In February, we are looking at a super important mental and physical topic – SLEEP.

As humans we need to SLEEP and most of us love it. However, with the lack of education and by default, misunderstandings, we find it increasingly difficult to develop and enjoy its natural mental and physical recovery benefits; recovered and energised to make the most of every day.

In any 24 hours we ideally need 30% in recovery (30% in a lifetime). However, unlike the other two health pillars, exercise and nutrition, SLEEP has never been explored to the same levels and yet it demands the most of our time.

Without awareness, SLEEP can be a complex process. There are so many variables. We are all different in so many ways and adopt ongoing lifestyle and occupational choices that add to that complexity. The key to unlock this knowledge? Redefine your everyday approach to recovery.

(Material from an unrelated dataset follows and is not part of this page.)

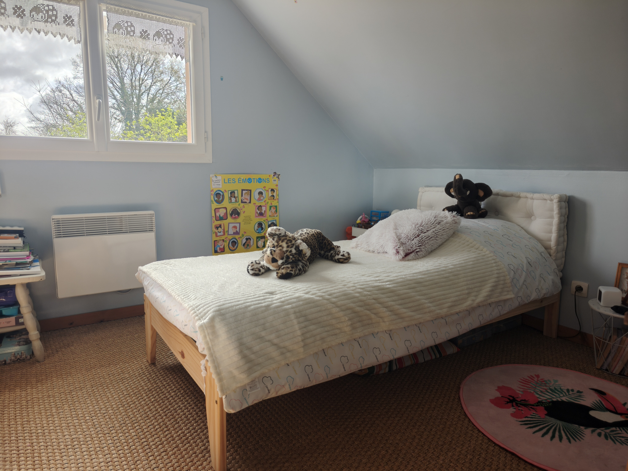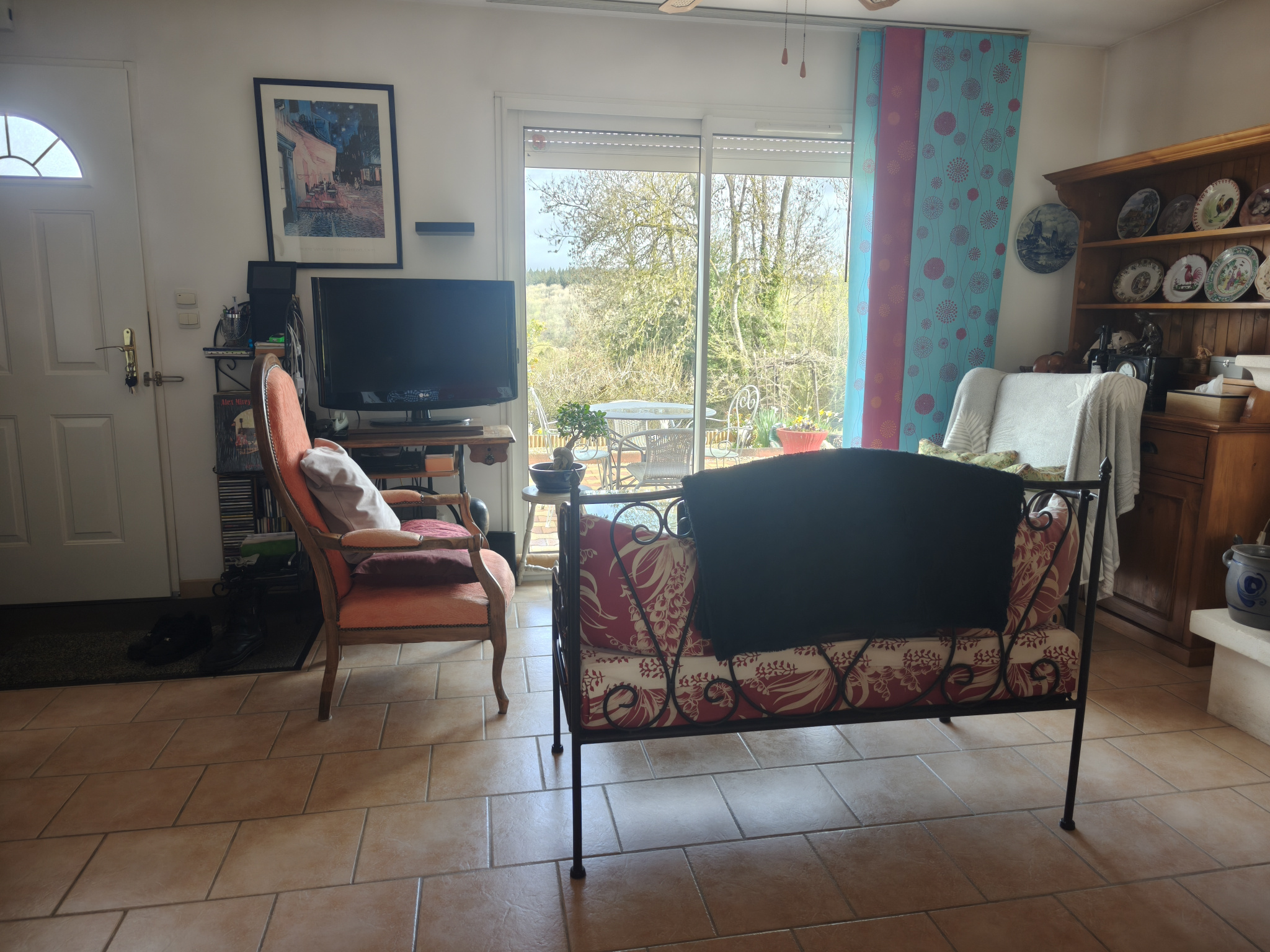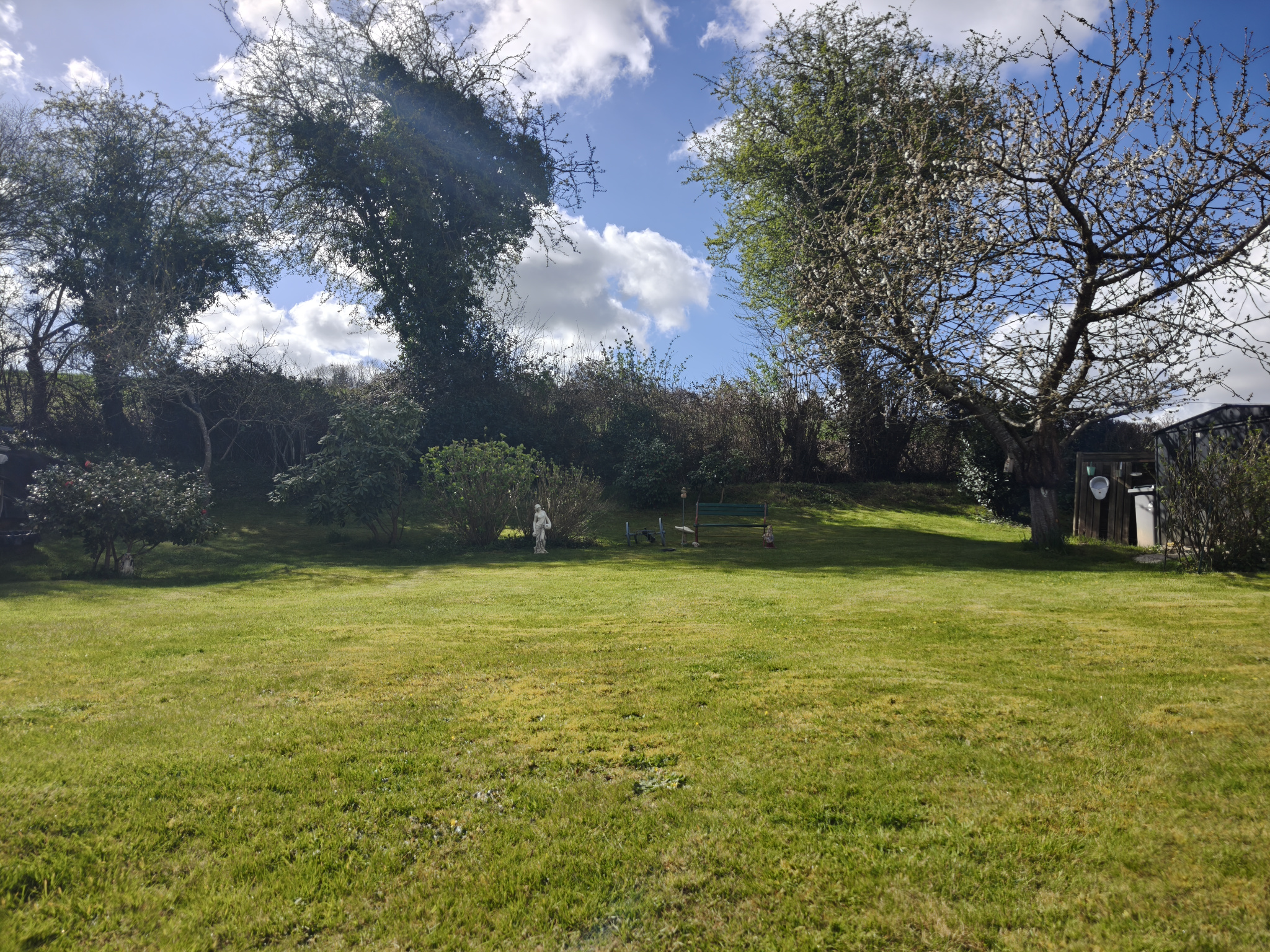 Un terrain arboré de 1500 m² avec cerisier, figuier et pêcher et double terrasse.

For example, adopting a Monophasic, 8-hour single period of nocturnal SLEEP was forced upon us by the Industrial Revolution. An approach which had never played a role in human recovery before that point.

Before the Industrial Revolution, humans always recovered SLEEP in a Polyphasic approach. Recovering in shorter periods more often because they were more aligned with the everyday Circadian Rhythms that remain with us today.

Our experiment for February is to move from Monophasic SLEEP towards Polyphasic SLEEP. This experiment will be headed up by Nick Littlehales, a world re-nowned Elite Sports SLEEP Recovery Coach for over 22 years. Nick will share some of his game changing proven R90 Recovery Techniques as used by elite athletes and high achieving individuals globally as well as people in all walks of life.

Nick’s best-selling book SLEEP - The Myth of 8 hours the power of Naps and the New Plan to Recharge Your Body and Mind reveals his journey and how you can transform your sleep to unlock higher more sustainable levels of mental and physical recovery to improve your performance at work and play.

Februarys experiment will be a real-time journey into redefining your everyday performance approach.

Step 1:

Identify with your genetic Chronotype (personal sleep recovery characteristic aligned with the Circadian Rhythm of your time zone.)

A lark morning type, AM'er, feels most energised from Sunrise to Midday.

An Owl evening type, PM'er, feels most energised from Midday to Evening.

Step 2:

Identify your natural most Consistent Wake Time (CWT) based on your Chronotype, not your occupation.

Example - 6.30am (AM'er) is the most natural wake time (not based on when have to get up for work.)

Then break your 24-hour clock into 16 x 90-minute cycles (periods) from that 6:30am wake time. If your schedule means you need to be at work for say, 7am, then you would get up at 5am (90 mins before CWT.) Don’t worry you are thinking differently now and will make up the recovery time later!

Step 3:

Thinking Polyphasic! Introduce a short break every 90mins. Aiming for a bigger one midday and/or early eve if possible.

First 90 minutes after waking and every 90 minutes thereafter. So, for the 6:30 CWT this could be, for example:
12:00 - 30 min sleep, rest, gentle walk, zone out or meditate


17:00 - 30 min sleep, rest, gentle walk, zone out or meditate.

Every 90 minutes there also could be a short break of say 5 mins to rest the brain.

When taking a break, put an alarm on so you might get 15-20 mins sleep within that time and are not worrying if time has gone over. Allocate the full 30 minutes if you can, but at the very least 5 mins would be okay on day where it’s not feasible. If sleep not available, walk, sit quietly or just zone out.

For the whole day for this example above, it would mean say 4 cycles of 90 min sleep at night and then with one rest during the day, that adds another cycle. (even if only rested for 30 mins or less). To total 5 cycles a day.

The secret is to worry less about sleep and introduce a new recovery structure around your natural 90 min rhythms. If it goes wrong one day, make it up on the next day. Look at the week as a whole - aiming to get 35 cycles of recovery over 7 days.

Step 4:

Record your energy levels and how it affects your wellbeing.

Nick also advises that you get more aligned with light. Key human functions are triggered by light and dark. External light (daylight) is so much stronger than internal lights. Download a FREE LUX light meter to your device and discover your everyday light exposure. Increasing and decreasing exposure throughout the seasonal shifts is a key recovery technique.

You can buy Nick’s book here. Also available in 15 languages and audible @sportsleepcoach

By redefining our approach to recovery, we have a far greater chance to feel more energised, motivated and alive!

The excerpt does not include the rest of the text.